LEVITIQUE 24, 17-22:
LA LOI DU TALION

 » si quelqu’un frappe à mort
un homme quel qu’il soit … »

Nous avions déjà rencontré la fameuse  » loi du talion » dans le contexte du  » Code de l’Alliance » dans le livre de l’Exode (voir ce fascicule). Elle est ici reprise dans le cadre du  » Code de Sainteté » (Lév. 17 à 26), ensemble de prescriptions cultuelles et morales, du Lévitique.
Nous avions vu comment, par son principe de pure réciprocité, cette loi représentait un progrès par rapport au principe plus archaïque de vengeance non-limitée. Nous avions relevé que cette loi était certainement déjà caduque à l’époque de la rédaction de l’Exode (puisque le Décalogue –typiquement  » exodial »- représentait une réflexion morale beaucoup plus évoluée et que l’on sait que c’est un système d’amendes qui fonctionnait), a fortiori l’est-elle encore beaucoup plus à l’époque du Lévitique (cinq siècles plus tard). C’est un peu comme si, à chaque fois, on rappelait ses sources d’archives.
Source d’archive ou tentative (ou tentation ?) sacerdotale de retour à une  » justice » simple, expéditive et extrême ? Le contexte le laisse à penser. En effet, l’insertion de ce rappel de la loi du talion dans un récit de punition à la peine de mort par lapidation d’un blasphémateur montre que cette loi est utilisée comme argument pour justifier la mise à mort suivant le raisonnement : s’il est permis de sanctionner de mort celui qui a frappé à mort un humain, a fortiori est-il permis de sanctionner de mort celui qui a blasphémé contre Dieu.
La caste sacerdotale post-exilique était certainement soucieuse
d’efficacité dans la plus louable intention de resouder le peuple autour d’une discipline religieuse commune, cela passe-il nécessairement par de telles cruautés archaïques ? Le mécanisme semble toujours d’actualité.
Le côté positif – si l’on peut dire- est que cette  » justice » doit être appliquée impartialement à quiconque (v.22)  » qu’il soit étranger ou citoyen » (v.16 et 22).
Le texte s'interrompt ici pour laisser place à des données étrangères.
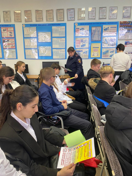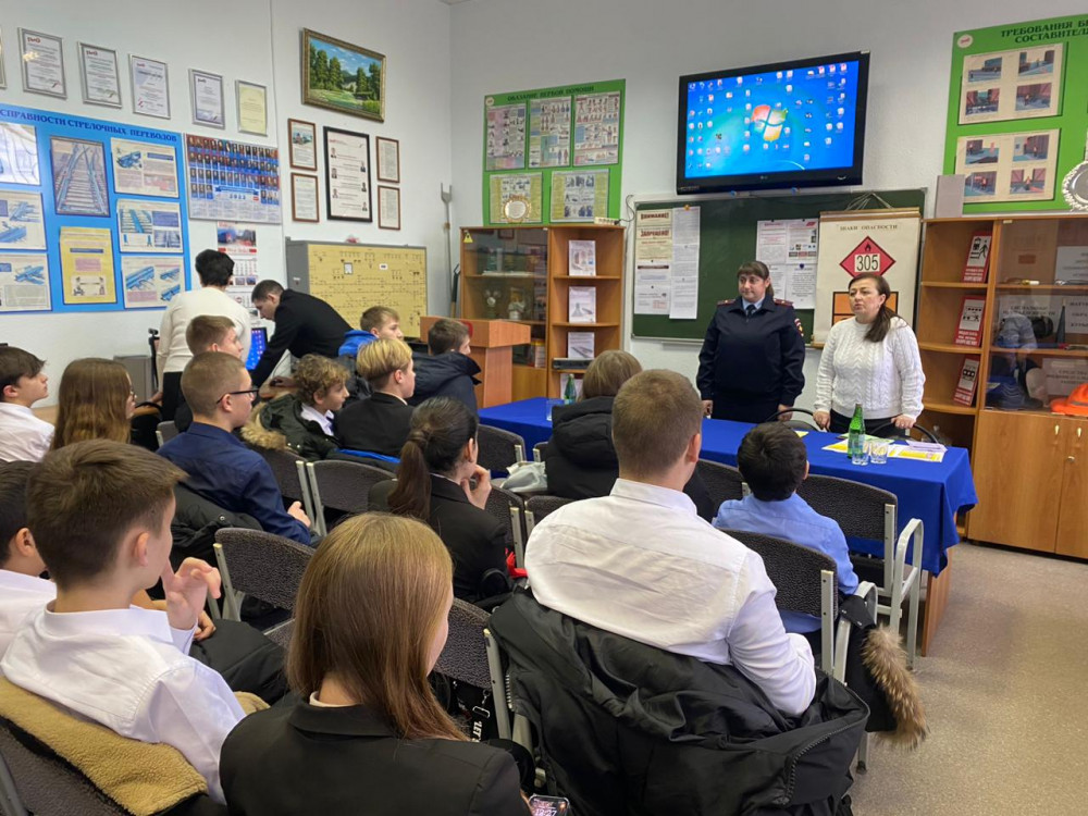 11 декабря 2024 год ученики гимназии № 20 поселке Каменоломни посетили с экскурсией станцию Каменоломни. Старший инспектор ОПДН ЛОП на ст. Шахтная майор полиции Ампилогова Т.А. и специалист по охране труда ст. Каменоломни Куделина Н.В. провели для ребят лекцию о правилах безопасности на объектах железнодорожного транспорта и ответственности за транспортные правонарушения. Школьникам были розданы соответствующие памятки и показан познавательный видеоролик.

Le texte l’entend de la sanction mais nous pouvons l’entendre de la justice en général.

LEVITIQUE 26,6-8
BENEDICTION DE PAIX

 » Je mettrai la paix dans le pays »

Dans l’Antiquité biblique, les pactes d’alliances entre souverains se concluaient par une série de bénédictions (en cas de respect du pacte) et de malédictions (dans le cas contraire). Ces formules pouvaient n’être que des formules de politesse ou de menaces de pure forme ; elles pouvaient aussi exprimer les vœux les plus chers des peuples respectifs.
Dans notre livret du Lévitique, le pacte religieux mis au point par le clergé du second Temple est présenté sous la forme du pacte d’alliance politique ou militaire. Que Dieu soit considéré comme souverain n’étonnera pas mais que le peuple le soit étonne assurément. Indirectement, cela veut dire que le peuple, le croyant n’est pas considéré comme un être soumis mais comme un partenaire qui aurait la possibilité de refuser et dont, en tout cas, le consentement réfléchi est sollicité.
Deux promesses sont formulées en cas de respect du pacte (v.3 à 11). La première concerne la fécondité de la terre (v.4). La seconde lui est intimement liée et concerne la sécurité intérieure :  » vous mangerez votre pain à satiété et vous habiterez le pays en sécurité » (v.5). Divers aspects en sont explicités : l’éloignement des menaces naturelles (bêtes sauvages) et de la menace humaine ( » l’épée ne traversera pas votre pays »). En cas d’agression, le succès dans la poursuite des ennemis est garanti grâce à une démultiplication de l’efficacité des forces ( » cinq d’entre vous en poursuivront cent, cent en poursuivront dix mille ») (v.8). A noter qu’à l’époque du Lévitique (voir encart), il n’était pas question pour les Judéens de poursuivre un quelconque ennemi puisque toute la région était sous domination perse et qu’il n’était certainement pas question de s’en prendre aux Perses !
On aura d’ailleurs remarqué que ces versets ne font aucune allusion précise à une quelconque situation concrète. Ces images de supériorité militaire, fréquentes dans la Bible, relèvent clairement de la rhétorique conventionnelle.
Le chapitre des malédictions est bien plus fourni (v.14 à 46) et on y trouve, à l’inverse, des menaces de famine, de défaite militaire, d’insécurité, de maladie, de peur et d’angoisse. Alors que l’auteur n’a pas peur de présenter les menaces de Yahvé en termes très belliqueux (les mots  » épée » et  » ennemi » reviennent 14 fois en 30 versets !), il est intéressant de constater que ce sont la prospérité et la paix qui sont présentés comme les souverains biens.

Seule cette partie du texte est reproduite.